Trust Wallet, one of the most popular non-custodial wallets, was temporarily removed from the Play Store in April 2024 before being restored. These incidents show how quickly popular wallets can disappear from the official app store.
Users who lose access to wallet apps on the Play Store would need to download them directly from developers’ websites or use unofficial app stores. This creates security risks, as users might accidentally download fake wallet apps designed to steal their cryptocurrency.
The Future of Mobile Crypto Access
This policy change represents a fundamental shift in how people access cryptocurrency tools on mobile devices. Google’s app store reaches billions of Android users worldwide, making it the primary way most people discover and install crypto wallets.
The new rules favor large, well-funded companies that can afford banking licenses over innovative startups and independent developers. This could reduce innovation in the crypto wallet space and limit user choice.
Some wallet developers may choose to exit markets with strict licensing requirements rather than comply with expensive regulations. Others might restructure their businesses to work within the new framework.

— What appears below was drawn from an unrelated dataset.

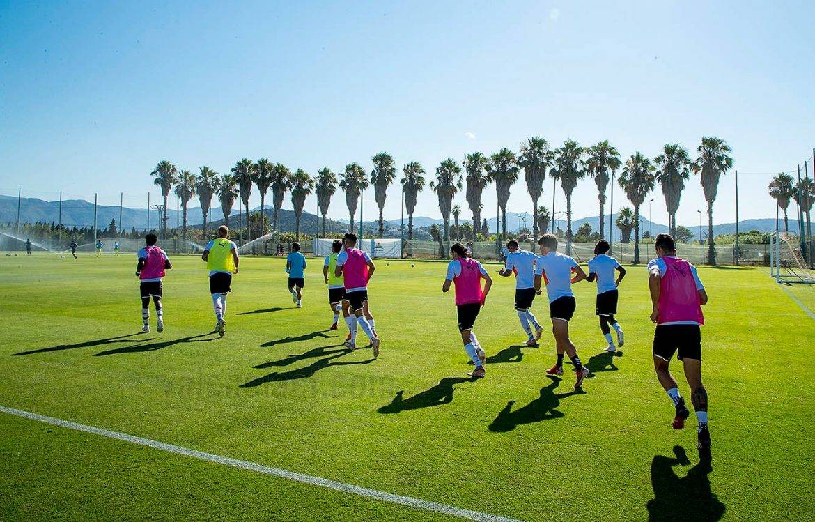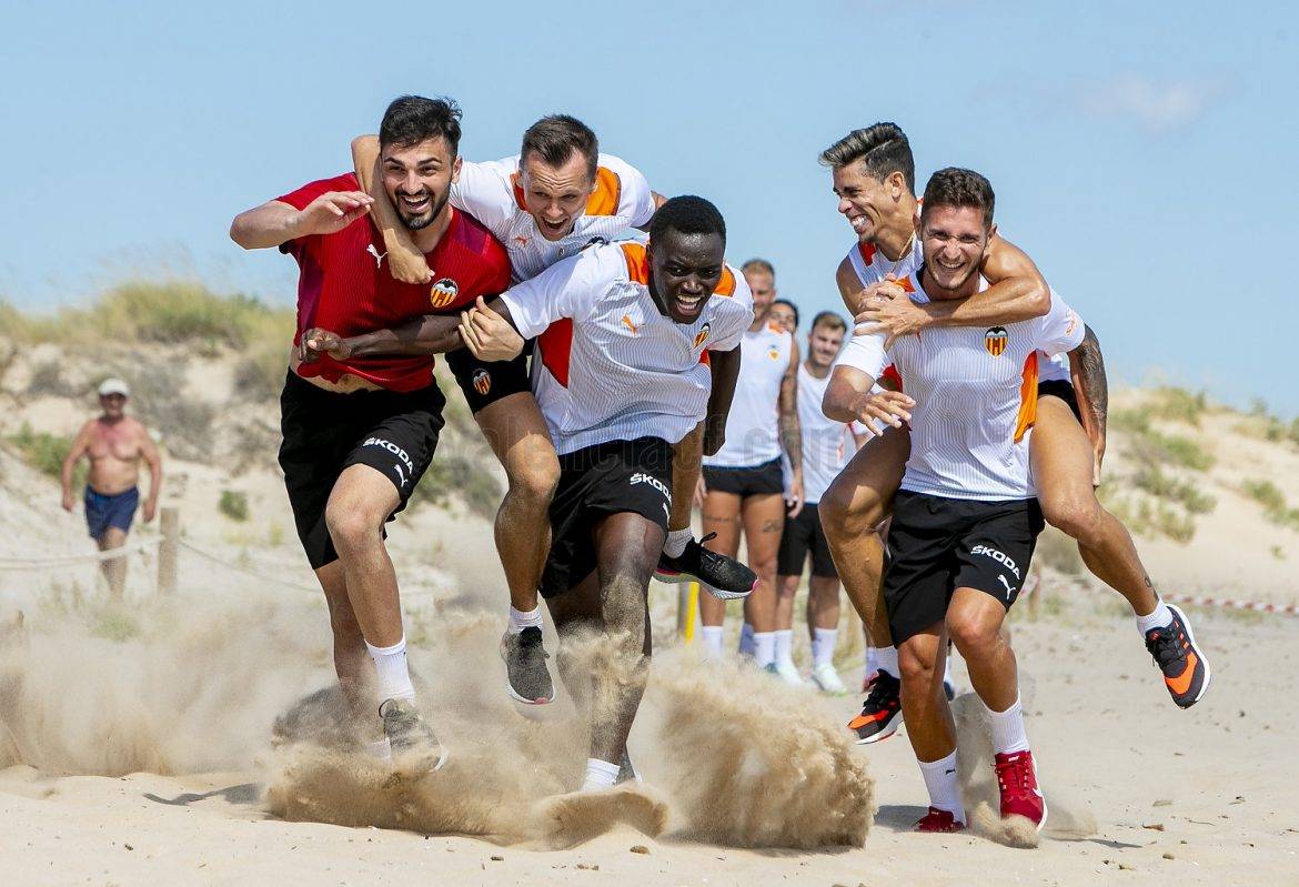 Los juga­do­res del Valen­cia CF entre­nan­do en Oli­va Nova Resort. Foto: VCF
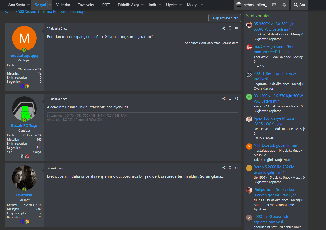 Umarım bu konu yayınlanır çünkü son zamanlarda Technopat moderatörlerinden şikayetçiyiz. Başımdan ufak bir olay geçti. Bir konu açılmıştı dün gece 00: 15'de. "N11 ekostok güvenilir mi? " Başlığı ile yayınlanmıştı ve içerisinde şöyle yazıyordu "buradan "mosue" sipariş edeceğim. Güvenilir mi, sorun çıkar mı? ". Konuyu açan arkadaş "mouse" yazarken sehven "mosue" yazmış. Acaba yazım yanlışı mı yoksa mosue diye bir şey mi, arıyor diye merak ederken konusuna "pardon, mosue nedir? " Diye cevap yazdım. Moderatörler "gereksiz mesajlar" uyarısı ver. Birincisi konu hakkında bilgi almak istedim ve gayet kibar bir şekilde "pardon, mosue nedir? " Yazdım. Benim bugüne kadar 5 adet uyarım var. Noktalama hatası olsun. -De -da hatası olsun. Benim konularım yaklaşık 45 dk de onaylanıyor. Bu arkadaşın konusu anında onaylanmış ve moderatör kontrolünden geçmemiş gibi görünüyor. Şimdi benim suçum neydi de kırıcı bir şekilde uyarı aldım. Burası Technopat. Burası topluluk ve biz birbirimizle iletişime geçince uyarı alıyoruz. Bir sürü kural koyup moderatörlerin bu kurallara pek itimat etmemeleri gülünç. Dikkat ederseniz son zamanlarda bu çok artış gösterdi. Konumu okuyan herkese teşekkür ederim. Sizleri bir nebze meşgul ettim. Dünkü konuya ait görseli de ekliyorum.

The policy also raises questions about whether Apple will implement similar rules for the iOS App Store, which would affect iPhone users in the same way.
What This Means for Users
Android users should expect fewer crypto wallet options in the official Google Play Store going forward. Popular non-custodial wallets may disappear unless their developers can secure the required licenses.
The changes will likely push more users toward custodial wallet services offered by licensed exchanges and financial institutions. While these services provide regulatory protection, they also require users to give up control of their private keys.
People who value self-custody of their cryptocurrency will need to be more careful about where they get their wallet software and may need to look beyond official app stores for their preferred tools.